Quindi, la valutazione di tutti gli elementi di cui all'art.133 c.p., ed, in particolare, delle modalità dei fatti (comunque complessivamente modesti) e delle condizioni personali del P. (già condannato molteplici volte in via definitiva), impone una condanna di poco discostata dai minimi edittali; di conseguenza, pena equa appare quella così determinata:

- riconosciuta l'attenuante ex art. 62 bis c.p. equivalente;

- pena base (più grave il reato di cui al capo B): mesi 4 di reclusione;

- aumentata per la continuazione con il reato di cui al capo A): mesi 6 di reclusione;

- ridotta per la scelta del rito: mesi 4 di reclusione.

Alla condanna segue il pagamento delle spese processuali. Le risultanze del certificato penale del P. ostano ex-lege alla concessione dei benefici della sospensione condizionale della pena e di quello della non menzione nel certificato del casellario giudiziale.
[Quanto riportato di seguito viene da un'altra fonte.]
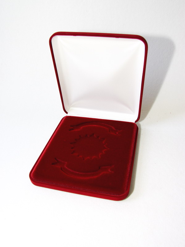 Флокированный футляр с индивидуальным ложементом под орден и 2 шильда.
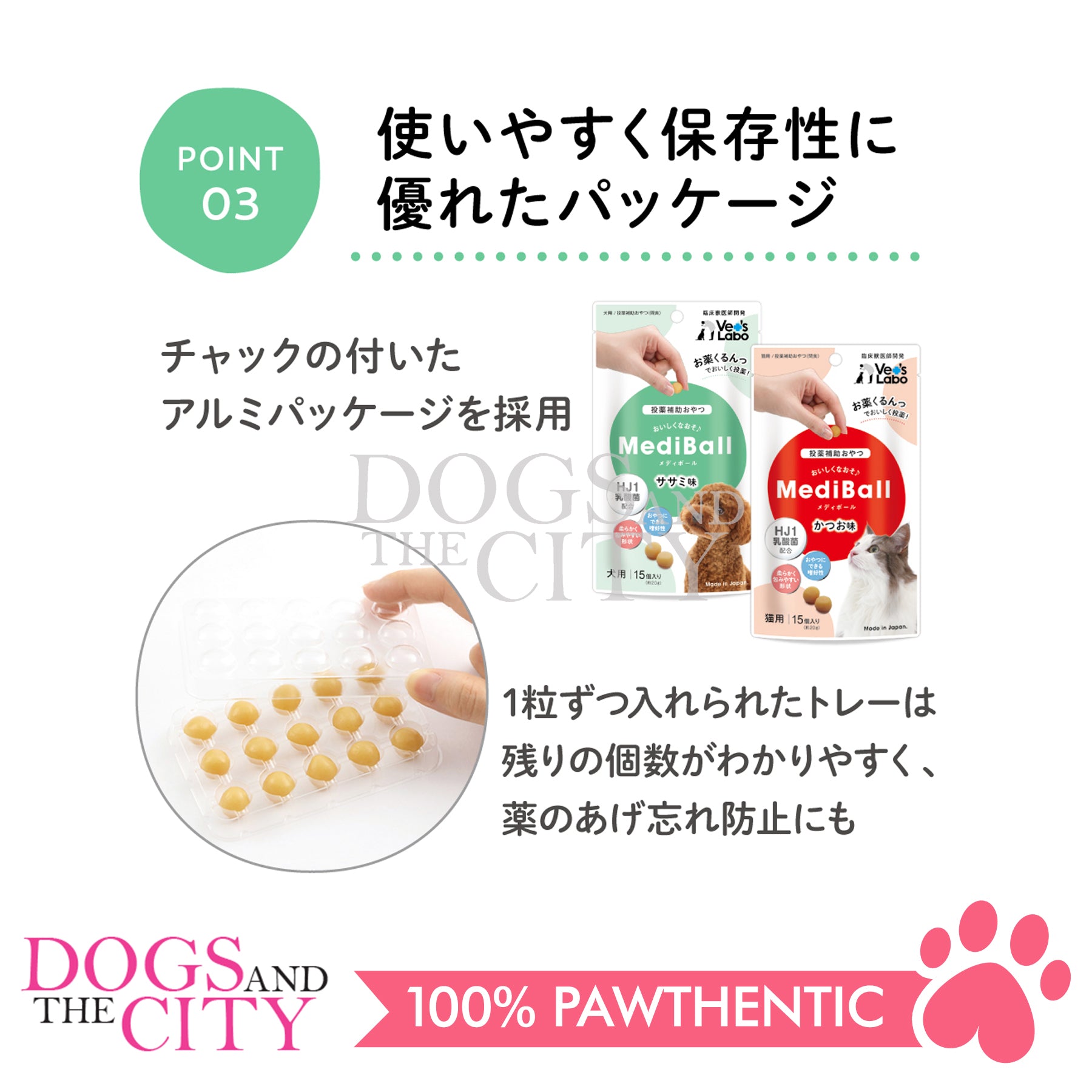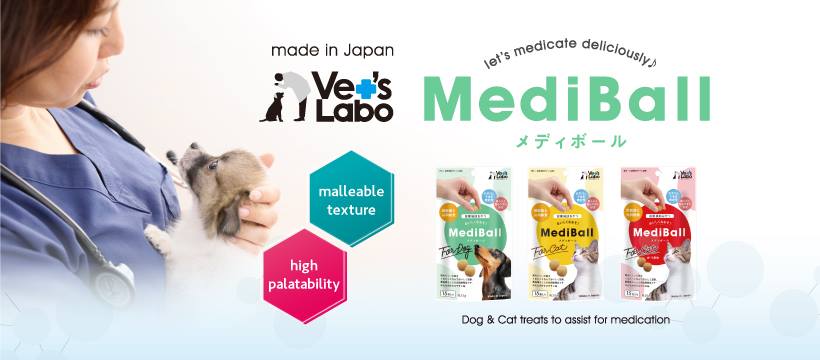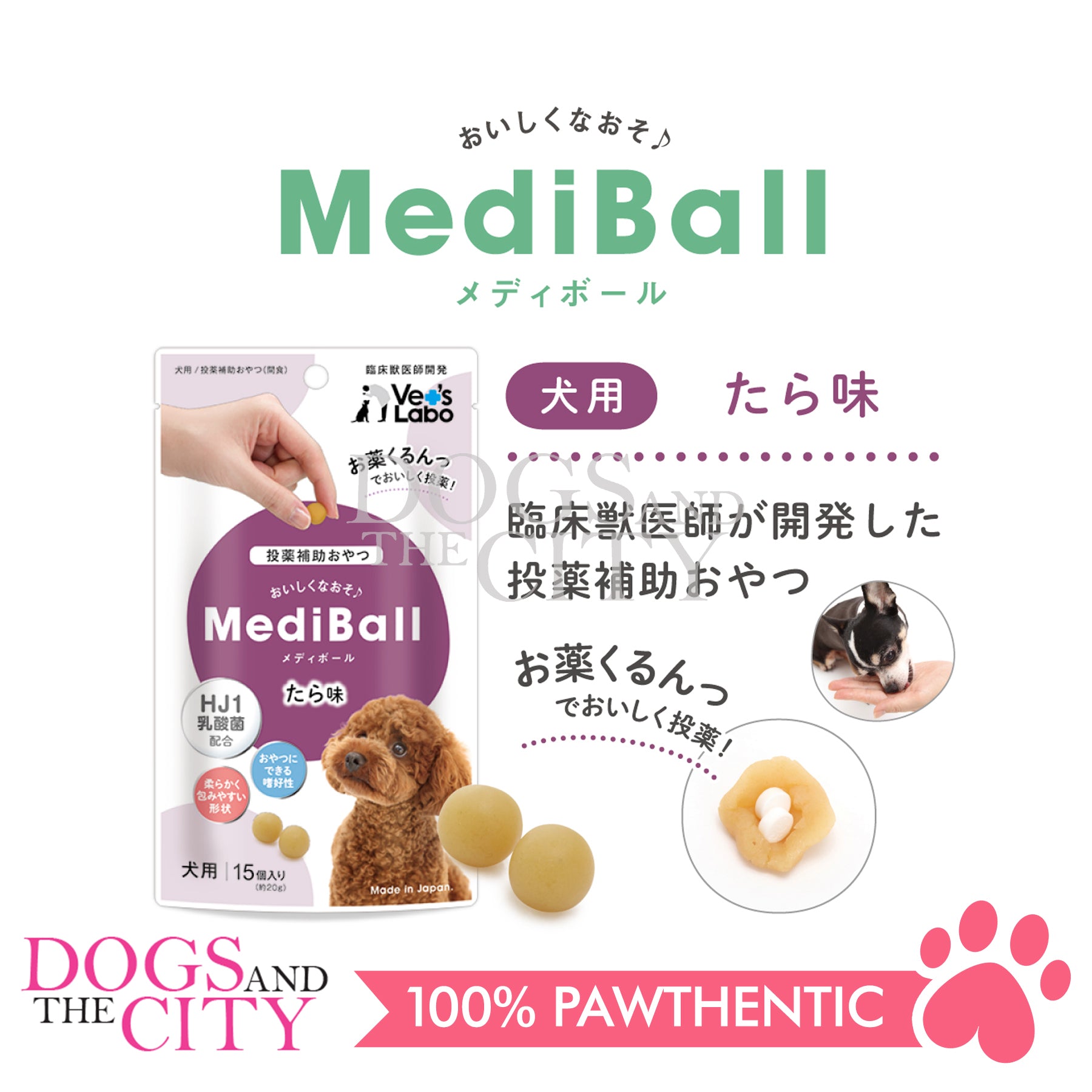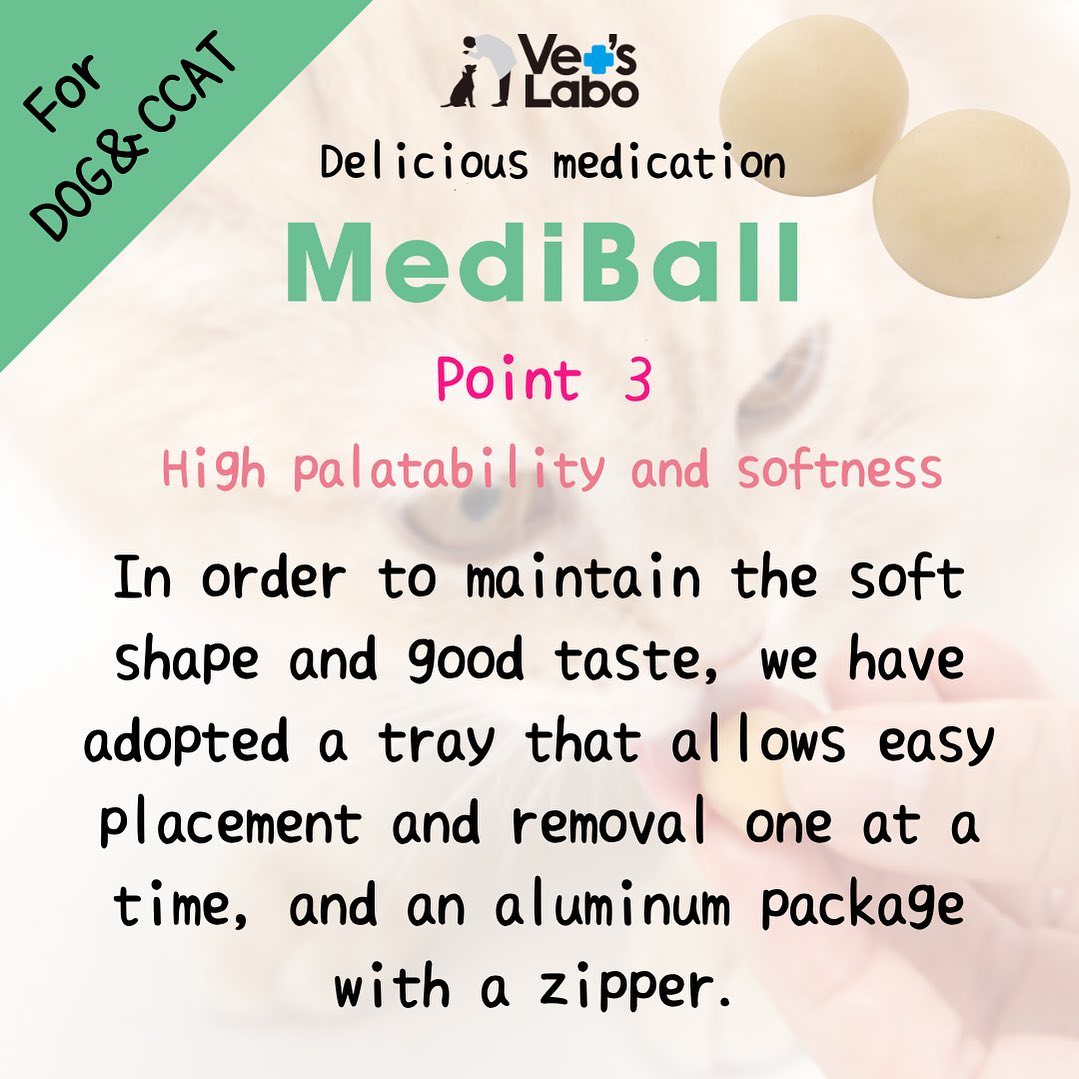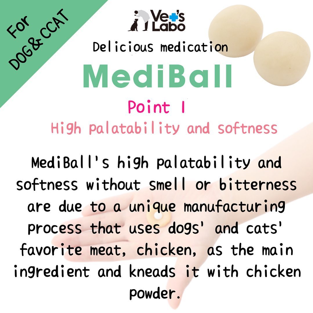 - Easy-to-wrap size and shape: MediBall is a soft ball-shaped treat with a diameter of approximately 1 cm. It is designed in a size and shape that makes it easy to wrap and give both tablets and powdered medications. Use two Medi Balls when wrapping a medicine that is too large to be wrapped in a single Medi Ball. If the medication is given twice a day, one bag can be used for one week's worth of medication. Please be careful not to touch the MediBall with hands that have touched the medication. The smell of the medication may be transferred to the MediBall and its palatability may decrease.
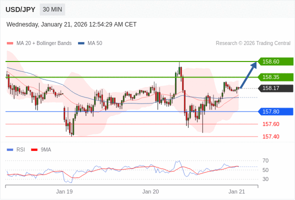 在 157.80 之上,看涨,目标价位为 158.35 ,然后为 158.60 。
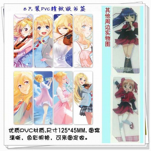 四月是你的谎言8只装PVC精致版磨砂书签随机5套起批
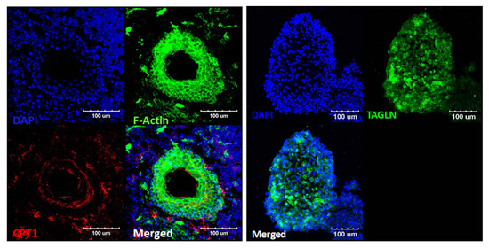 Structures that exhibited movement (Supplementary Materials Video S1) were harvested and stained for epifluorescence analysis (Figure 7). We performed epifluorescence analysis using phalloidin to stain F-actin and CTP1 to stain cardiac cells. Both F-actin and CTP1 were observed. Rich clusters of F-actin-positive cells surrounded the empty hollow spaces in the organoids, which appeared to be able to harbor fluid. CTP1 was observed in the cytoplasm of these F-actin-positive cellular structures, as was TAGLN, which reflects actin cross-linking. Thus, the moving/contracting structures resembled cardiac structures, indicating that it may be possible to develop cardiac organoids. We termed these organoids ‘beating’ organoids as they highly resembled cardiac structures. Without application of the Wnt agonist, no beating organoids were observed. However, more than 30% of the Wnt agonist-treated EBs contained these beating organoids, unexpectedly indicating differentiation into cardiac lineage. Thus, while we observed increased differentiation into multiple stacked layers of myosin VIIa-positive cells, the presence of the beating organoids confirmed the initiation of differentiation into other lineages.
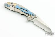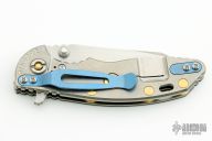 This XM-18 from Hinderer Knives features a stonewash finished Magnacut blade with fullers, notched thumbrest and flipper. The handle has a stonewash finished titanium frame with a black G-10 scale. Titanium clip is positioned for tip up, right hand carry. Comes with original box and extra hardware. New condition.
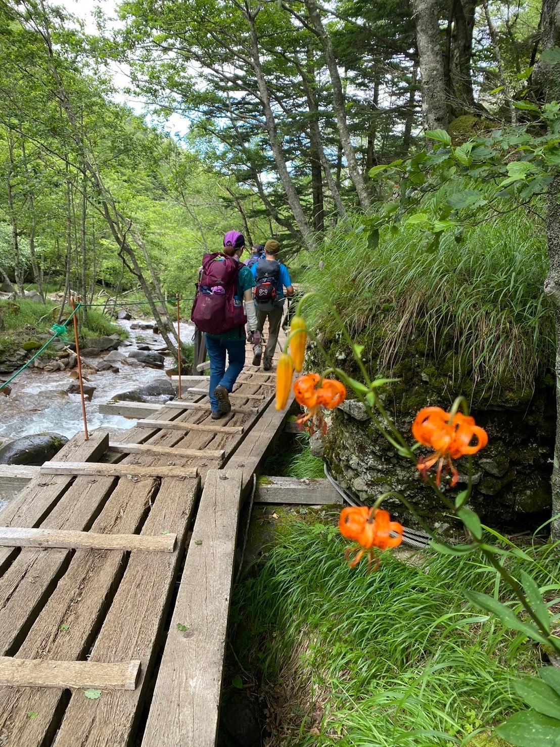 > 【1日目】美濃戸口から赤岳鉱泉までハイク。昼からは暑く、夕立にもあいましたが、美しい景色を楽しみました。

La non modesta difficoltà della motivazione, dovuta alla particolare ricostruzione di fatto affrontata, induce ad indicare in giorni trenta il termine per il deposito dei motivi della sentenza.

PQM

Visti gli artt. 533 e ss. c.p.p.;

Dichiara P.F. responsabile dei reati a lui ascritti, ritenuti avvinti dal vincolo della continuazione (più grave il reato di cui al capo B) e, riconosciuta l'attenuante di cui all'art. 62 bis c.p. equivalente all'aggravante ed alla recidiva reiterata contestate, lo condanna alla pena (già ridotta per la scelta del rito) di mesi 4 di reclusione, oltre al pagamento delle spese processuali.

Visto l'art. 544 c.p.p.,

Indica in giorni trenta il termine per il deposito dei motivi della decisione.

Così deciso in Torino, il 20 dicembre 2012.

Depositata in Cancelleria il 17 gennaio 2013.